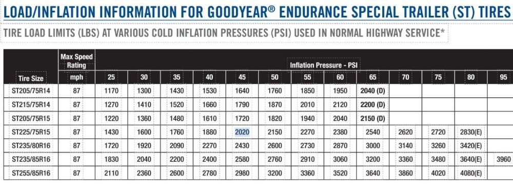 22. We have a 2023 Elite 1 with Goodyear Endurance ST225/75R15 tires. We were told to inflate to 65psi. I just found the load chart and it indicates that we should be inflating to about 45psi if I am reading it correctly. I am assuming the weight listed in the chart is per tire (so half the total weight). On the scale, the trailer weighs just under 4,000 lbs loaded. I uploaded a snippet of the load chart. Can someone confirm this?
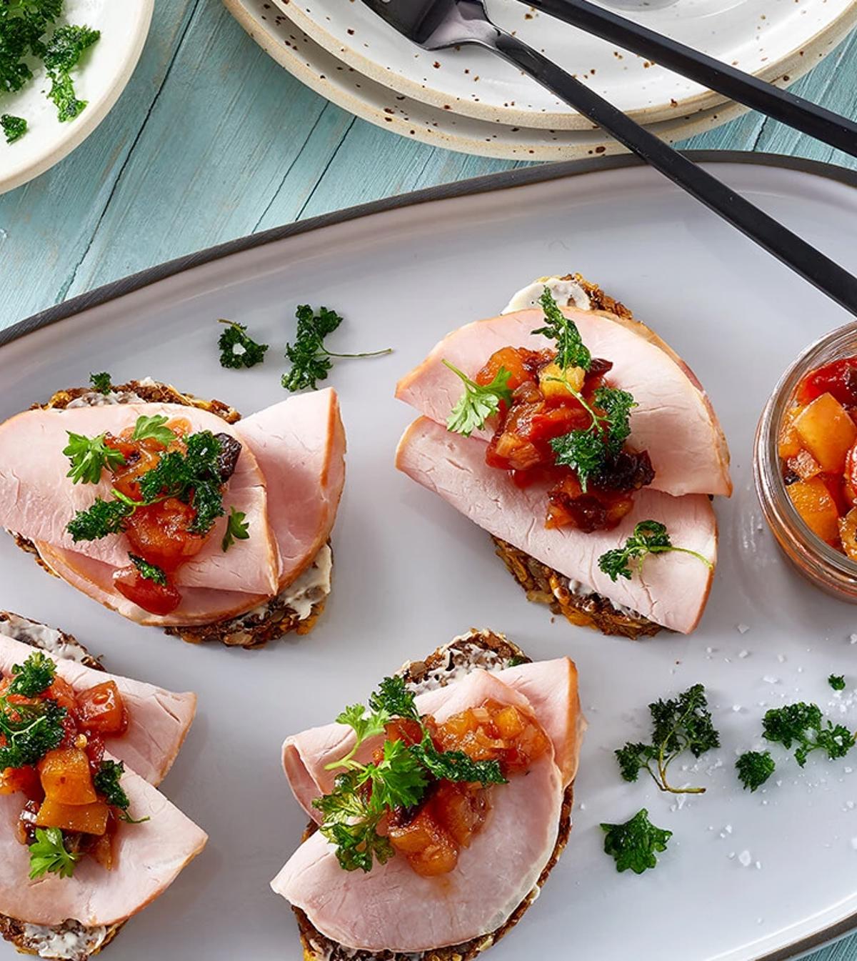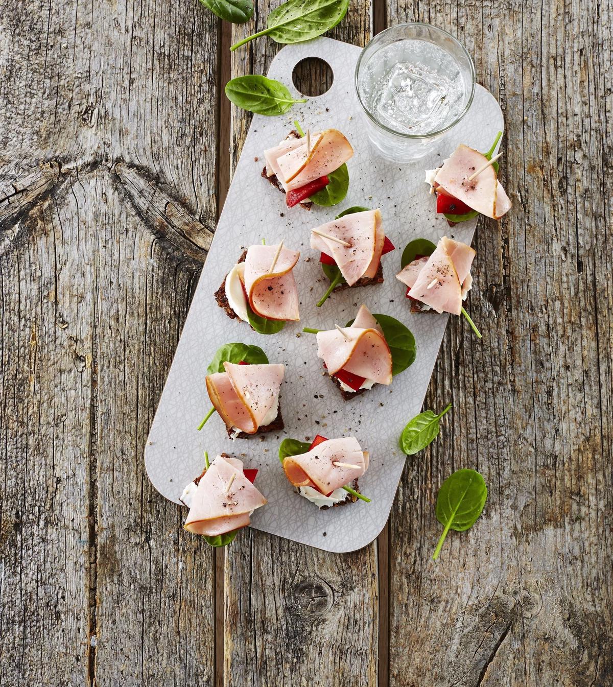Rugbrødssandwichbolle med hamburgerryg og tzatziki
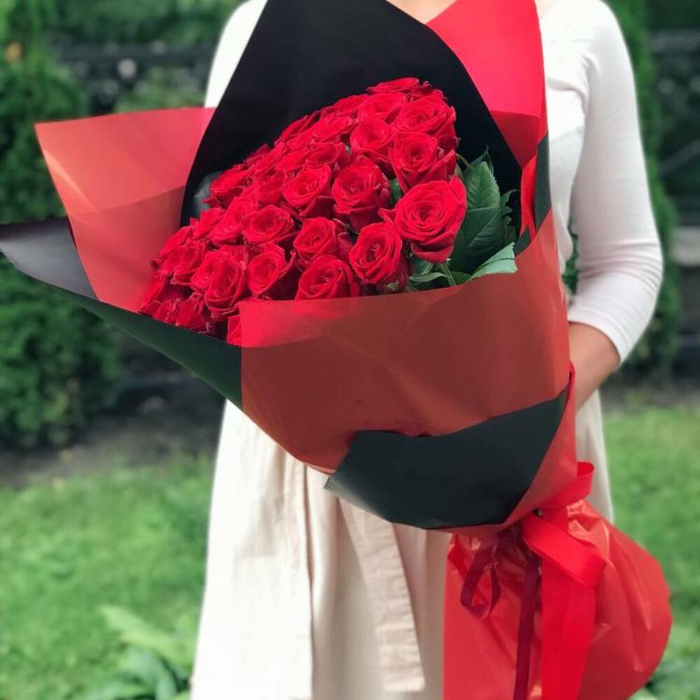 Composition: rose red - 35, Wrapped - 4, Ribbon - 2 Sizes: WIDTH - 40CM; HEIGHT - 65CM; LENGTH - 65CM; (including packaging) Размер: 40 x 65 x 65 см
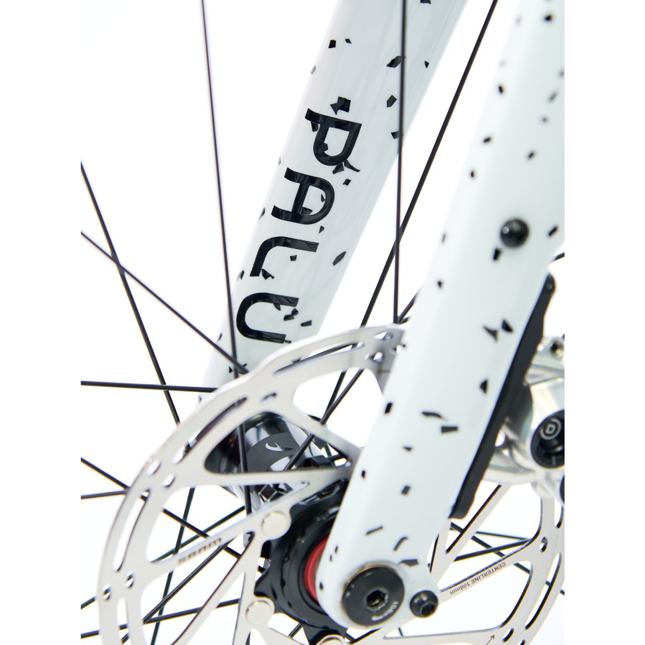 Telaio e forcella PALU GREENTEGRATA [+] in fibra di carbonio Toray T700-T800 mix, predisposto per passaggio cavi interni, perni passanti e impianto frenante a disco idraulico
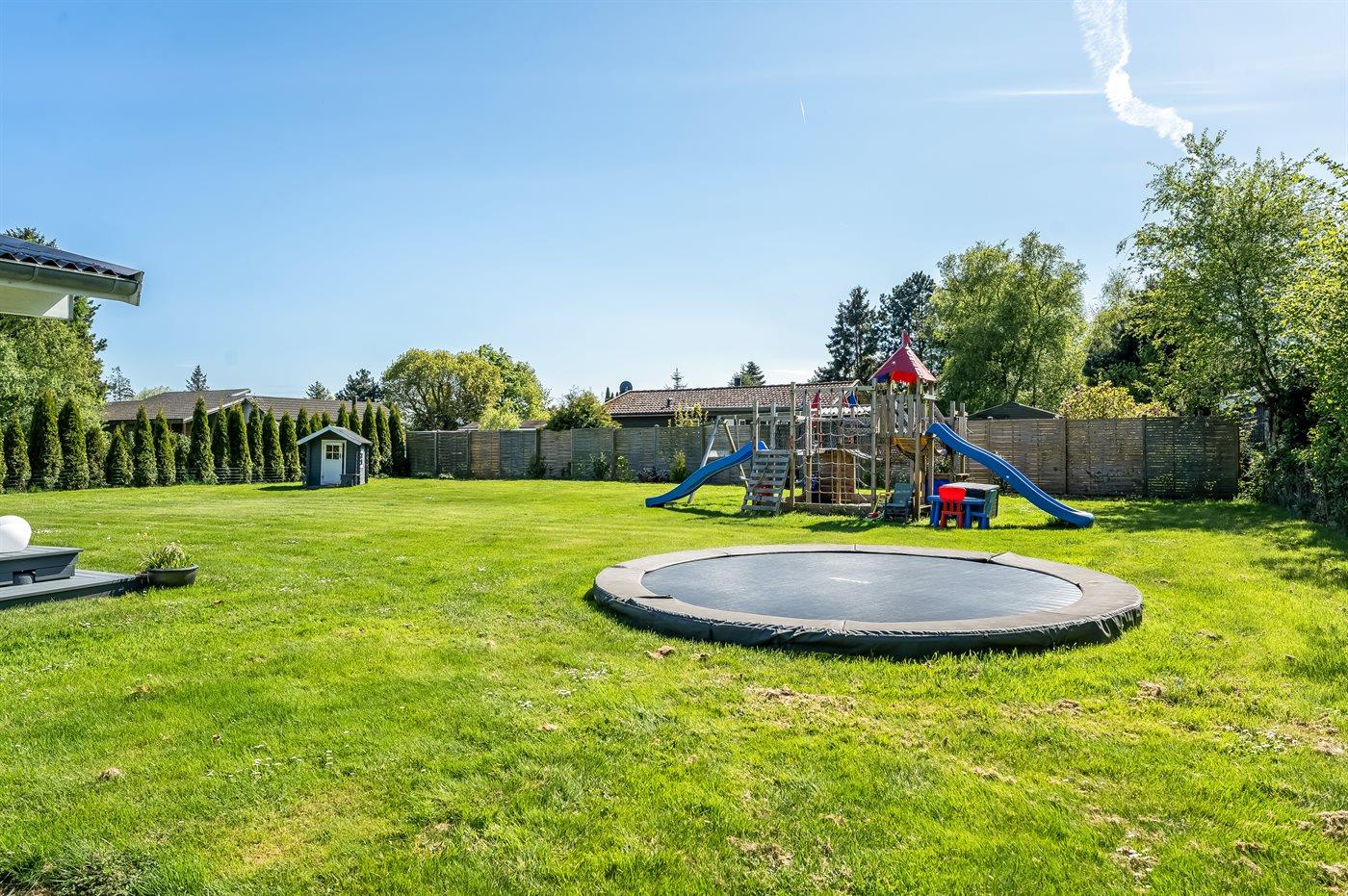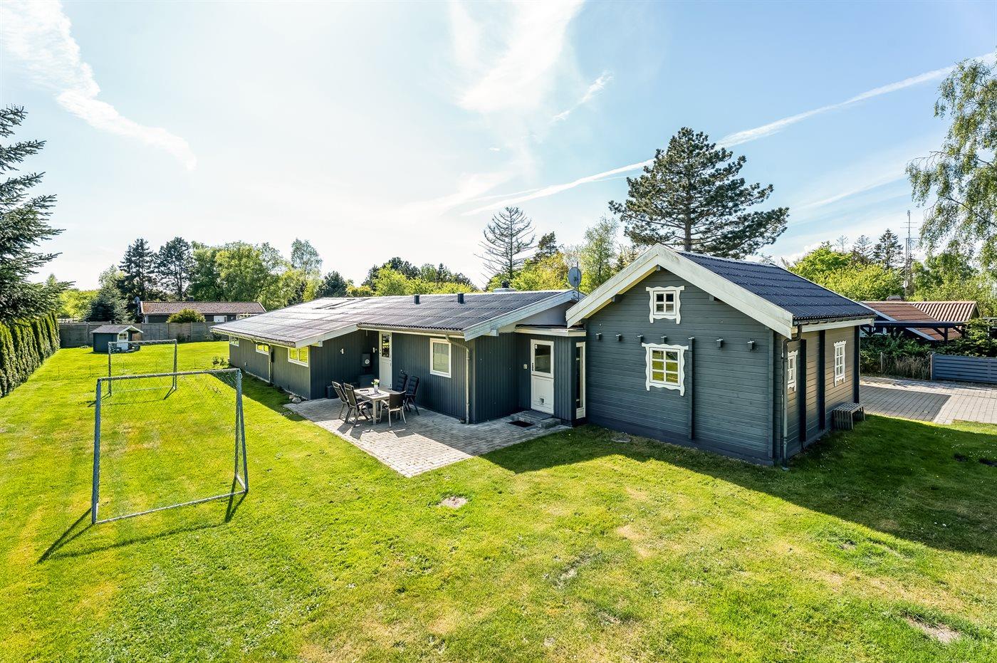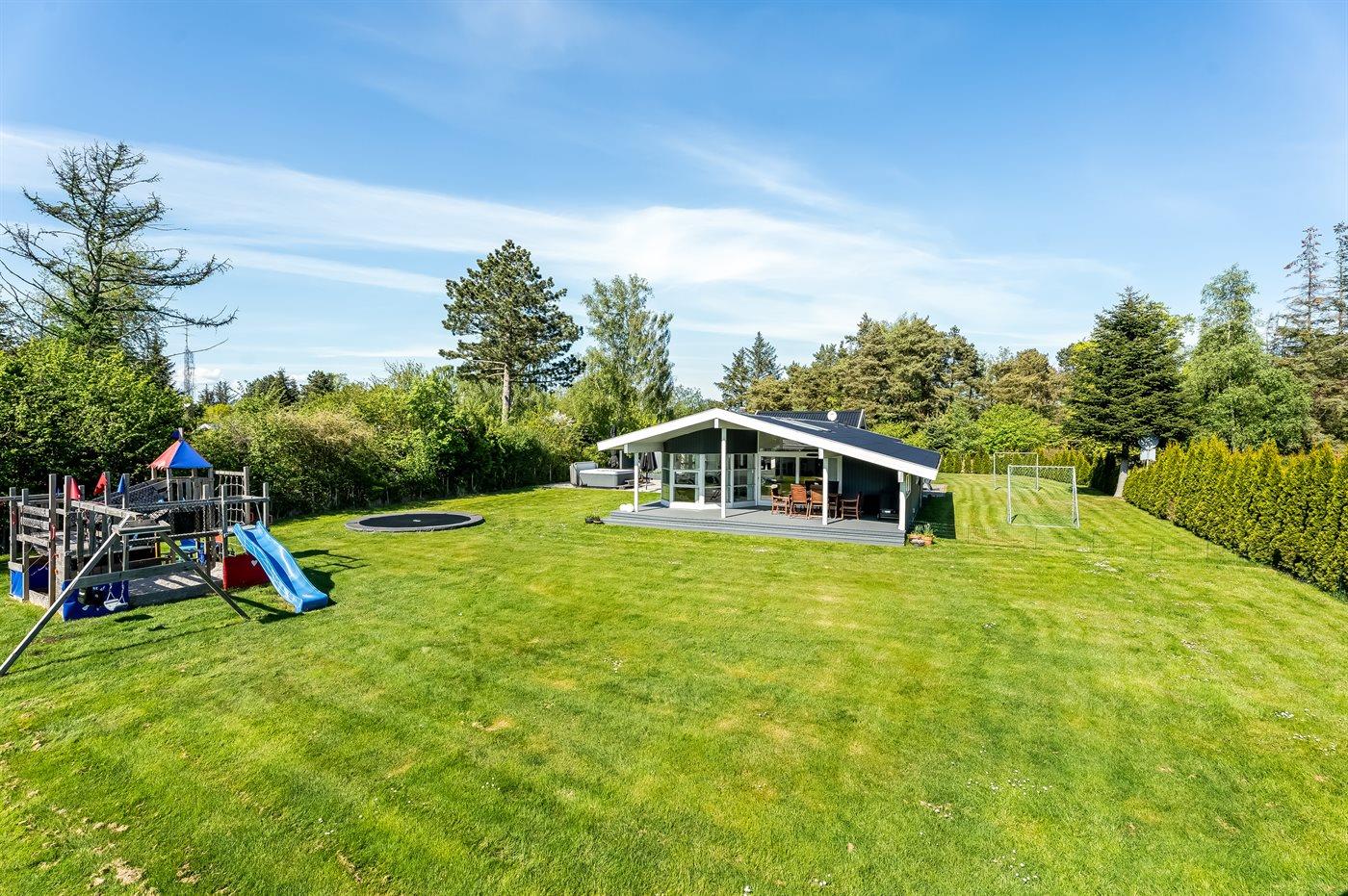 Mens der er afslapning på programmet på terrassen, kan børnene lege i haven, hvor der bl.a. står et legetårn med rutsjebane, sandkasse, fodboldmål og en trampolin til rådighed. Om aftenen kan hele flokken samles på terrassen til en lækker middag, som kan tilberedes på sommerhusets grill.

» **PROBLEM**
Nothing but the lines from the one containing "Telaio e forcella" to the last line of the records should be returned, exactly as they appear and without pictures.

» **RESPONSE TO THIS TASK**
 Telaio e forcella PALU GREENTEGRATA [+] in fibra di carbonio Toray T700-T800 mix, predisposto per passaggio cavi interni, perni passanti e impianto frenante a disco idraulico
 Mens der er afslapning på programmet på terrassen, kan børnene lege i haven, hvor der bl.a. står et legetårn med rutsjebane, sandkasse, fodboldmål og en trampolin til rådighed. Om aftenen kan hele flokken samles på terrassen til en lækker middag, som kan tilberedes på sommerhusets grill.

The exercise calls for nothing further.